The last four words were said with a certain significance, as if intended for a hint,—persuade him, they seemed to say, that this is not a time to remain here. "It is getting late, mother," said Edith, with a touch of impatience.
"One moment, Lady Lindores. I must tell you why I have come: not for myself—to ask help for Erskine, whom I have just left in custody, charged with having occasioned somehow—I can't tell you how—the death of—the late accident—your son-in-law," Beaufort stammered out.
The next moment he seemed to be surrounded by them, by their cries of dismay, by their anxious questions. A sharp keen pang of offence was the first feeling in Beaufort's mind,—that John should be so much more interesting to them than he was!

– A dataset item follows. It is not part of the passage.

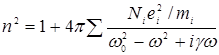 Если учесть, что в веществе может быть несколько сортов заряженных частиц с массами mi и собственными частотами ω0i и зарядами еi, то уравнение дисперсии запишется следующим образом

It gave him a shock even in the excitement of the moment.
"This was what he meant"—he could at last hear Edith distinctly after the momentary babel of mutual exclamations—"this was what he meant: that we might hear something, which he might not be able to explain, but that we were to believe in him—you and I, mamma."
"Of course we believe in him," cried Lady Lindores; "but something else must be done, something more. Come this way, Mr Beaufort; Lord Lindores is here."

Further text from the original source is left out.